Atau apakah Anda punya makna lain tentang arti gramatikal pada kata Personal Branding dalam blog?

Satu pertanyaan saya: Jika blog Anda sudah menjadi sangat tenar di dunia maya, dan Anda sudah menjadi blogger seleb, apakah Anda sanggup menolak datangnya duit dari efek keterkenalan Anda di internet?



Bookmark and Share

9 komentar:

  1. Uang dan ketenaran adalah efek dari personal branding yang sukses. Ini tidak bisa kita pungkiri. Saya pribadi nggak mempermasalahkan mereka yang all out membangun branding untuk tujuan bisnis online.

    BalasHapus
  2. Saya nggak mangkir bahwa tujuan ngeblog saya memang ujung-ujungnya adalah duit. Tujuan saya jadi tenar, supaya nanti saya bisa memanfaatkan nama saya untuk cari penghasilan.

    Tapi sekarang ada yang menarik perhatian saya. Efek samping dari tenar ternyata adalah kehilangan privacy, dan justru itu yang tidak saya sukai. Nampaknya uang bukan lagi tujuan saya, karena saya lebih bahagia dengan hidup tanpa kekhawatiran bahwa setiap sisi kehidupan saya diawasi oleh orang lain.

    BalasHapus
  3. nice post juragan....gw spendapat ma posingan situ...

    BalasHapus
  4. Agus Siswoyo: Setuju jadikan tujuan Personal Branding sebagai target awal dulu. Uang dan ketenaran sebagai efek samping dan bonus.

    Vicky Laurentina: Saat kita sudah menjadi tenar, sesuatu yang merupakan privacy kita adalah komoditi yang bisa dieksploitasi oleh orang lain. Suka atau tidak suka, Mbak Vicky.

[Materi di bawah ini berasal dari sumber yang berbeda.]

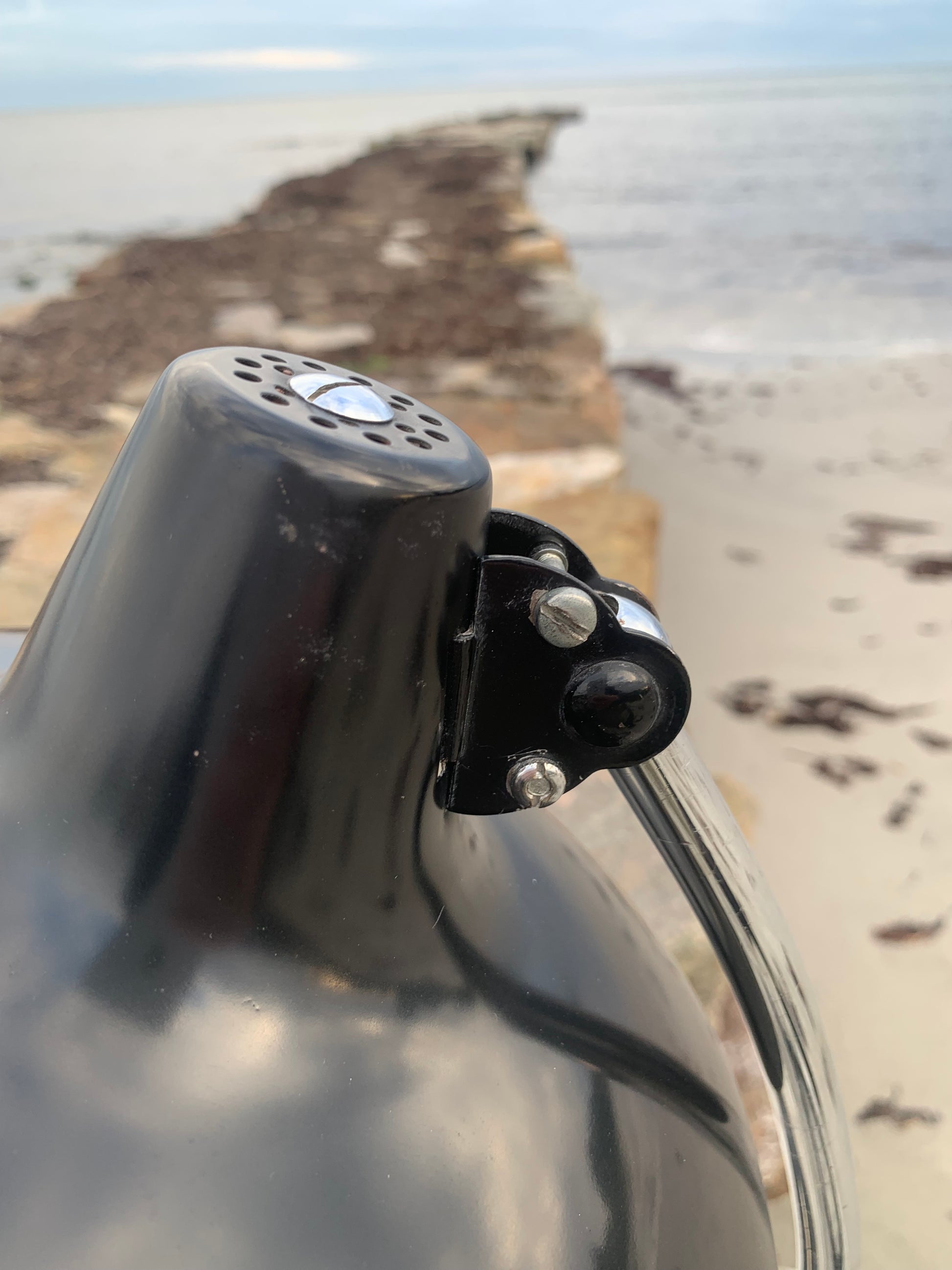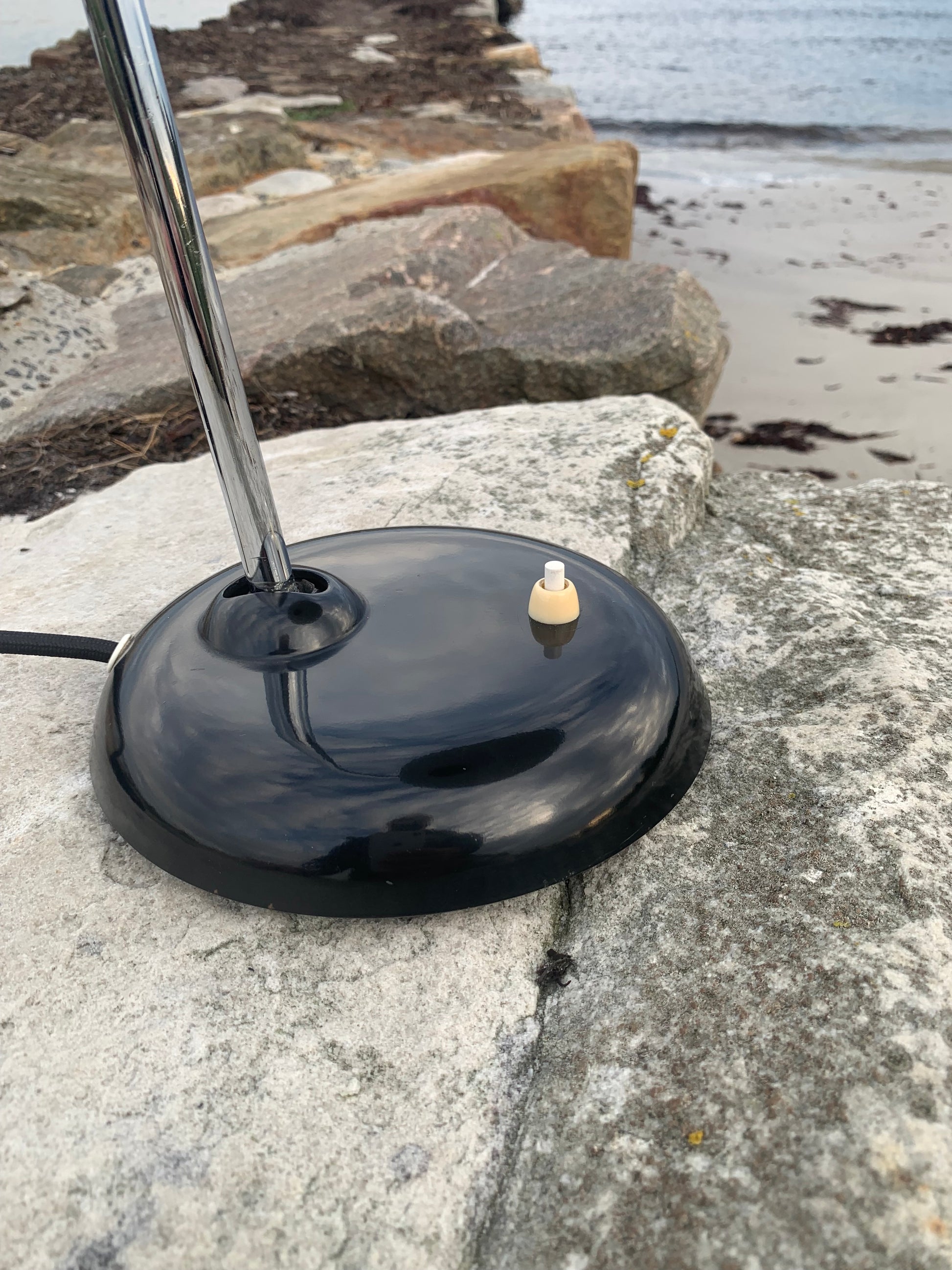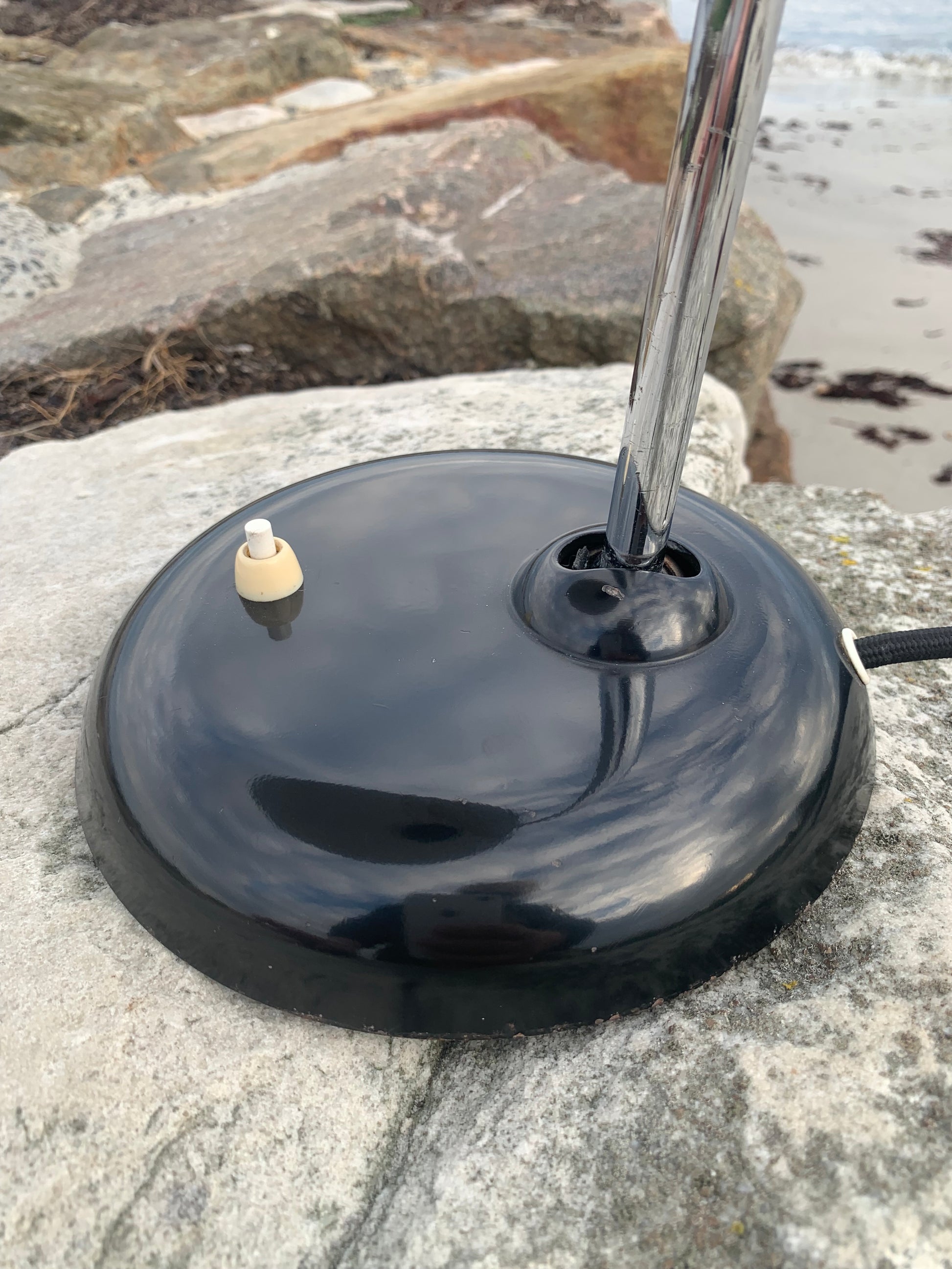 Dette eksemplar fremstår med den originale lakering og nye kabler. Lampen har lidt aldersrelaterede brugsspor, som sådan en lampe (efter vores smag) nærmest bør have.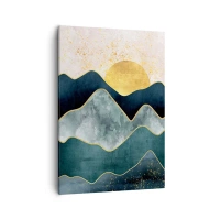 Poster - Abstrakte Berge und goldene Sonne im Hintergrund - 50x70cm - Hinter den sieben Bergen - Moderne Wanddekoration für Wohnzimmer und Schlafzimmer ARTTOR

    blanknnet: Terima kasih sudah mampir dan beri komen.

    BalasHapus
  5. Personal Branding/Blog Branding/ pencitraan,saya tdk sepenuhnya setuju spt lomba burung,Blog/Personal Branding saya umpamakan seperti Works Accomplishment/Academic Achievement kalau dalam menulis Curiculum Vitae. he, sukses mas joko

    BalasHapus
  6. Nah, ini pendapat yang saya tunggu-tunggu. Terima kasih, Mas Lintang sudah menyampaikan pendapatnya. Dan meski kita tidak sependapat, tapi saya tetap hargai

    BalasHapus
  7. @Mas Yuda, santai aja hehehe, biasa beda pendapat, sengaja kok, hihihi

    BalasHapus
  8. Contoh lainnya gemana ya pak? Apakah misalnya: seorang Romi Satria Wahono menulis konten yang menginspirasi di blognya. Entah direncanakan untuk sepopuler sekarang atau tidak. Lalu karena tulisannya itu, beliau diundang sebagai pembicara dimana-mana. Lalu tidak boleh dibayar? Atau menolak dibayar/memasang tarif? :)

    BalasHapus
  9. Pertanyaan retorik saya yang ada di akhir artikel itulah nanti yang akan menjadi pertanyaan sekaligus jawabannya, Mas Dani.